* Supplied material:
=== Begin Enclosure ===
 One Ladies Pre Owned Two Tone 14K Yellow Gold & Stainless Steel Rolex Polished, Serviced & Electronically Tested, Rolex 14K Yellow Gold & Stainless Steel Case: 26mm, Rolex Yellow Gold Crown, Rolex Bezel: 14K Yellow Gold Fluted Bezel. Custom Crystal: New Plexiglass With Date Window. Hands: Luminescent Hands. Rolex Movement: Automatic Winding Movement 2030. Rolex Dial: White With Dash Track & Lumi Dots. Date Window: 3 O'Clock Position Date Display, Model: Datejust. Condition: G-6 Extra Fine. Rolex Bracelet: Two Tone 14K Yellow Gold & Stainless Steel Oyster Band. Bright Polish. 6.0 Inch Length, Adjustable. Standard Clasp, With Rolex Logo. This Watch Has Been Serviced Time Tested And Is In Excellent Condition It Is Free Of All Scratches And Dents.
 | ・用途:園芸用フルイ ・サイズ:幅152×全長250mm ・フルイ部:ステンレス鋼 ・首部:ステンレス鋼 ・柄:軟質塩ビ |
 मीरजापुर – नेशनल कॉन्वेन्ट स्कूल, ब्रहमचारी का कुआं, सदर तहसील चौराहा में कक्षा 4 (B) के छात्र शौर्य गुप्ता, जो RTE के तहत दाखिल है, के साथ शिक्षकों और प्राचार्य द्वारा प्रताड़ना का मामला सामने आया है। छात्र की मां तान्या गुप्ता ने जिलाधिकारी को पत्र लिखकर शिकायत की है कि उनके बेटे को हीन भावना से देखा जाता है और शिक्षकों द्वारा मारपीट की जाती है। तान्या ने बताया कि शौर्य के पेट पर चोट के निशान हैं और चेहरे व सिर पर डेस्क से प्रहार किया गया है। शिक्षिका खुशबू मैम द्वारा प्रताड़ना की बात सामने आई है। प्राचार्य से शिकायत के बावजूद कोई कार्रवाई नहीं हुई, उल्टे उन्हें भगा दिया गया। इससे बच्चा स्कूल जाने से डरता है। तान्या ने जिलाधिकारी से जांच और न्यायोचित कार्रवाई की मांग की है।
=== End Enclosure ===
* Exercise: Retype the material in full, character for character.

* Answer area:
 One Ladies Pre Owned Two Tone 14K Yellow Gold & Stainless Steel Rolex Polished, Serviced & Electronically Tested, Rolex 14K Yellow Gold & Stainless Steel Case: 26mm, Rolex Yellow Gold Crown, Rolex Bezel: 14K Yellow Gold Fluted Bezel. Custom Crystal: New Plexiglass With Date Window. Hands: Luminescent Hands. Rolex Movement: Automatic Winding Movement 2030. Rolex Dial: White With Dash Track & Lumi Dots. Date Window: 3 O'Clock Position Date Display, Model: Datejust. Condition: G-6 Extra Fine. Rolex Bracelet: Two Tone 14K Yellow Gold & Stainless Steel Oyster Band. Bright Polish. 6.0 Inch Length, Adjustable. Standard Clasp, With Rolex Logo. This Watch Has Been Serviced Time Tested And Is In Excellent Condition It Is Free Of All Scratches And Dents.
 | ・用途:園芸用フルイ ・サイズ:幅152×全長250mm ・フルイ部:ステンレス鋼 ・首部:ステンレス鋼 ・柄:軟質塩ビ |
 मीरजापुर – नेशनल कॉन्वेन्ट स्कूल, ब्रहमचारी का कुआं, सदर तहसील चौराहा में कक्षा 4 (B) के छात्र शौर्य गुप्ता, जो RTE के तहत दाखिल है, के साथ शिक्षकों और प्राचार्य द्वारा प्रताड़ना का मामला सामने आया है। छात्र की मां तान्या गुप्ता ने जिलाधिकारी को पत्र लिखकर शिकायत की है कि उनके बेटे को हीन भावना से देखा जाता है और शिक्षकों द्वारा मारपीट की जाती है। तान्या ने बताया कि शौर्य के पेट पर चोट के निशान हैं और चेहरे व सिर पर डेस्क से प्रहार किया गया है। शिक्षिका खुशबू मैम द्वारा प्रताड़ना की बात सामने आई है। प्राचार्य से शिकायत के बावजूद कोई कार्रवाई नहीं हुई, उल्टे उन्हें भगा दिया गया। इससे बच्चा स्कूल जाने से डरता है। तान्या ने जिलाधिकारी से जांच और न्यायोचित कार्रवाई की मांग की है।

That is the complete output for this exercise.